Control of Scanners:

-P <dir> - Specifies a plugin directory

Default dirs include /usr/local/lib/bulk_extractor /usr/lib/bulk_extractor and

BE_PATH environment variable

-e <scanner> enables <scanner> -- -e all enables all

-x <scanner> disable <scanner> -- -x all disables all

-E <scanner> - turn off all scanners except <scanner>

(Same as -x all -e <scanner>)

note: -e, -x and -E commands are executed in order

e.g.: ’-E gzip -e facebook’ runs only gzip and facebook

-S name=value - sets a bulk extractor option name to be value

Settable Options (and their defaults):

-S work_start_work_end=YES Record work start and end of each scanner in report.xml file ()

-S enable_histograms=YES Disable generation of histograms ()

-S debug_histogram_malloc_fail_frequency=0 Set >0 to make histogram maker fail with memory allocations ()

-S hash_alg=md5 Specifies hash algorithm to be used for all hash calculations ()

-S dup_data_alerts=NO Notify when duplicate data is not processed ()

-S write_feature_files=YES Write features to flat files ()

-S write_feature_sqlite3=NO Write feature files to report.sqlite3 ()

-S report_read_errors=YES Report read errors ()

-S ssn_mode=0 0=Normal; 1=No ‘SSN’ required; 2=No dashes required (accts)

-S min_phone_digits=6 Min. digits required in a phone (accts)

-S carve_net_memory=NO Carve network memory structures (net)

-S word_min=6 Minimum word size (wordlist)

-S word_max=14 Maximum word size (wordlist)

-S max_word_outfile_size=100000000 Maximum size of the words output file (wordlist)

-S wordlist_use_flatfiles=NO Override SQL settings and use flatfiles for wordlist (wordlist)

-S hashdb_mode=none Operational mode [none|import|scan]

none - The scanner is active but performs no action.

import - Import block hashes.

scan - Scan for matching block hashes. (hashdb)

-S hashdb_block_size=4096 Hash block size, in bytes, used to generte hashes (hashdb)

-S hashdb_ignore_empty_blocks=YES Selects to ignore empty blocks. (hashdb)

-S hashdb_scan_path_or_socket=your_hashdb_directory File path to a hash database or

socket to a hashdb server to scan against.
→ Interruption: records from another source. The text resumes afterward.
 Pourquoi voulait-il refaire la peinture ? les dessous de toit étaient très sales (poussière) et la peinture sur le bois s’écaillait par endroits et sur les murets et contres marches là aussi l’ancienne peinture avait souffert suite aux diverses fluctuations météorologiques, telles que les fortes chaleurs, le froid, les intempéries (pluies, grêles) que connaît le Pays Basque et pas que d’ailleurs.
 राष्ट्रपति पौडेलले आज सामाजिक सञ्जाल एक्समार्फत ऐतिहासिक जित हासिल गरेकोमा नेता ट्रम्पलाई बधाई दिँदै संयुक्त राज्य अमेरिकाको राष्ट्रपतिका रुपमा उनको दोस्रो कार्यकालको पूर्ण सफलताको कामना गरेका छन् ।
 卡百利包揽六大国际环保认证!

Valid only in scan mode. (hashdb)

-S hashdb_scan_sector_size=512 Selects the scan sector size. Scans along

sector boundaries. Valid only in scan mode. (hashdb)

-S hashdb_import_sector_size=4096 Selects the import sector size. Imports along

sector boundaries. Valid only in import mode. (hashdb)
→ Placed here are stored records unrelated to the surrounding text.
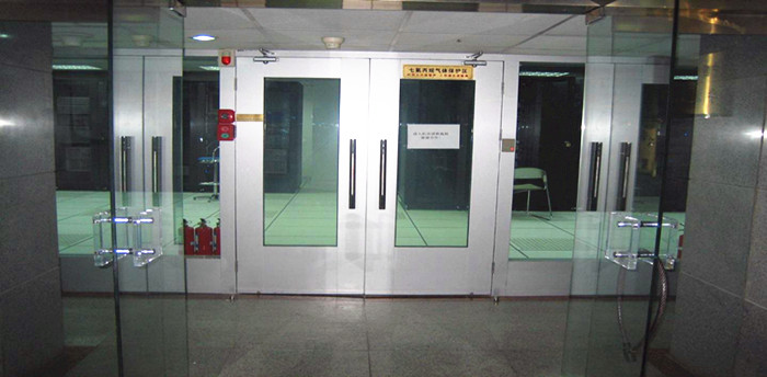 (機(jī)房中的隔斷多采用方鋼+鋁塑板邊框&12mm厚鋼化防火玻璃。防火玻璃。它具有隔音、隔熱、耐壓等特點,透視效果極佳,并增添機(jī)房的簡練)
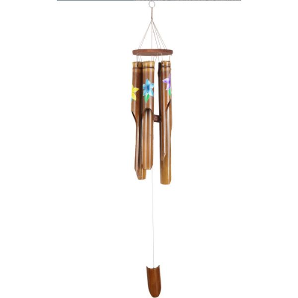 Only 3 left!Natural Bamboo 5 Tube Wind Chime With Floral Decal
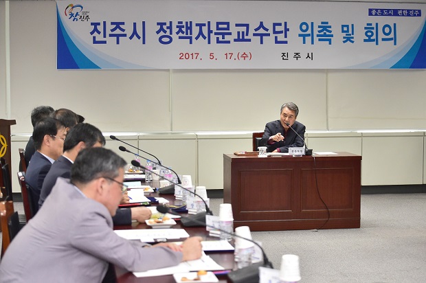 뿌리산업을 신성장동력으로 준비 중인 진주시가 17일 오후 4시 30분 시청 5층 상황실에서 창의적인 시책개발과 시정 자문기능을 활성화하기 위해 2017년도 정책자문교수단 위촉식과 함께 정기회의를 개최했다.
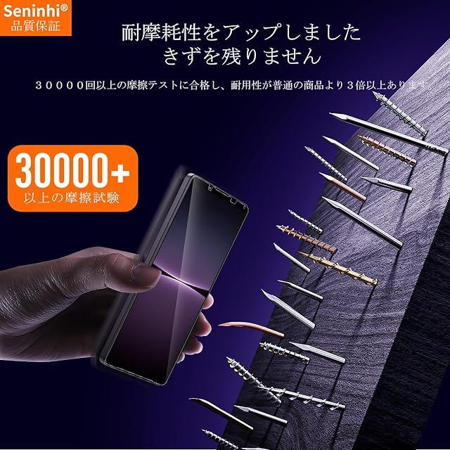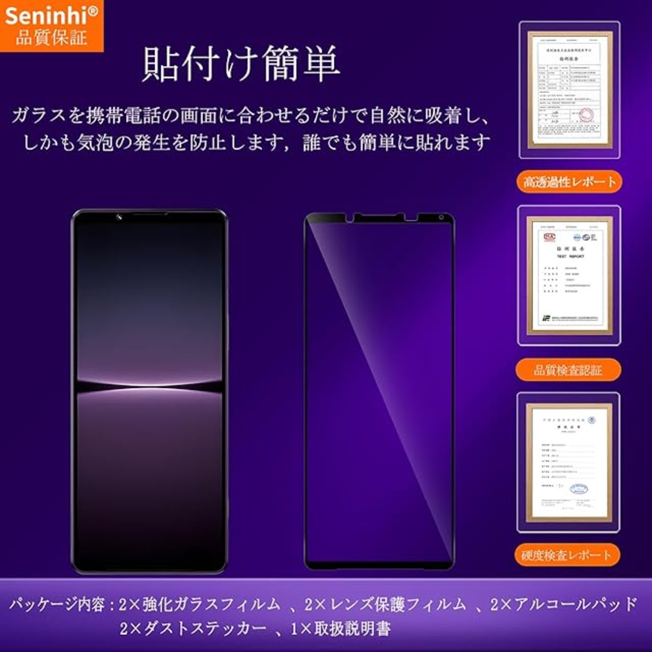 <b>【Seninhi品質を重視する】</b> <br> 対応機種: Xperia 1 IV SO-51C SOG06 強化ガラス 保護フィルム <br> <br><b> 仕様</b><br> 厚さ: 0.3mm <br>光透過率: 99% <br>素材:国産AGC旭硝子ガラス <br><b><br>【同梱品】</b><br> 2 × 強化ガラスフィルム <br>2 × レンズ保護フィルム <br>1 × 取扱説明書 <br>2 × スクリーンクリーニングキット <br>2 × ホコリ除去用ステッカー <br><br><b>【10h高硬度】</b><br> 私たちの強化フィルムは 国産AGC旭硝子ガラスを使用し、4.5時間の高温急冷と多重強化処理して、同じ厚さの通常のガラスフィルムに比べて約5倍の強さを持ち、<br> ガラスフィルムは10Hの最も硬い表面硬度に達しました。ナイフなどの鋭いものでも傷を与えません。日常生活で気軽に対応できます。<br><br><b> 【飛散防止】</b><br> 飛散防止を通して、万が一ガラスが割れても破片が飛散しなく、破片による重傷事故を減らして、とても安全です。 <br><br><b>【高感度タッチ】</b><br> この強化フィルムは0.3mmのゴールデン厚さを設計しており、防爆する同時に、感度が高いタッチ体験と連続タッチを確保し、高感度でスムーズなオンスクリーン操作を実現し、<br> ガラスフィルムを取り付けない画面とほぼ同じような使用体験を与えます。高感度でスムーズなオンスクリーン操作は様々なゲーム アプリケーションに適用します。<br><br><b> 【99%以上の携帯電話ケースに干渉しない】</b><br> 百件以上な携帯電話ケースをテストしましたが、適応率は 99%に達しました。高品質の接着剤を使用したので、<br> 携帯電話ケースに取り付けられている瞬間保護フィルムがわずかに浮き、軽く押すと気泡がきれいに消えます。<br><br><b> 【素人でも簡単に貼り付け】</b><br> ガラスフィルムの取扱説明書に張り付ける方法は詳しく記載したので、位置をよく合わせた後、上から軽く貼り付けると、シリコン吸着層が自動的に吸着し、<br> 気泡が発生しません。誰でも簡単に貼り付けられ、万が一失敗しても剥がして貼り直すことができます。<br><br><b> ご注意事項:</b><br> 1.フィルムを貼り付ける前に、手をきれいに洗ってください。<br> 2.泡があれば、クロスを指に巻きつけて少しずつ絞りだしてください。 <br>3.貼り直しによる泡を防止するため、はがす際にフィルムの粘着面に手や物が触れないようご注意ください。<br> 4. 保護フィルムは過度の衝撃等を防止するものではありません。携帯電話の故障、紛失等の責任は負いかねます。 <br><br>アフターサービス ご購入日より180日以内に初期不良や、ヒビ・欠け・ホコリ混入・サイズ違い等の使用上の問題がございましたら、<br>ご遠慮なく、いつでもお気軽にご連絡ください。私たちは具体的な問題により、お客様に満足できる解決策を提供します。

-S hashdb_import_repository_name=default_repository Sets the repository name to

attribute the import to. Valid only in import mode. (hashdb)

-S hashdb_import_max_duplicates=0 The maximum number of duplicates to import

for a given hash value, or 0 for no limit. Valid only in import mode. (hashdb)

-S exif_debug=0 debug exif decoder (exif)

-S jpeg_carve_mode=1 0=carve none; 1=carve encoded; 2=carve all (exif)

-S min_jpeg_size=1000 Smallest JPEG stream that will be carved (exif)

-S zip_min_uncompr_size=6 Minimum size of a ZIP uncompressed object (zip)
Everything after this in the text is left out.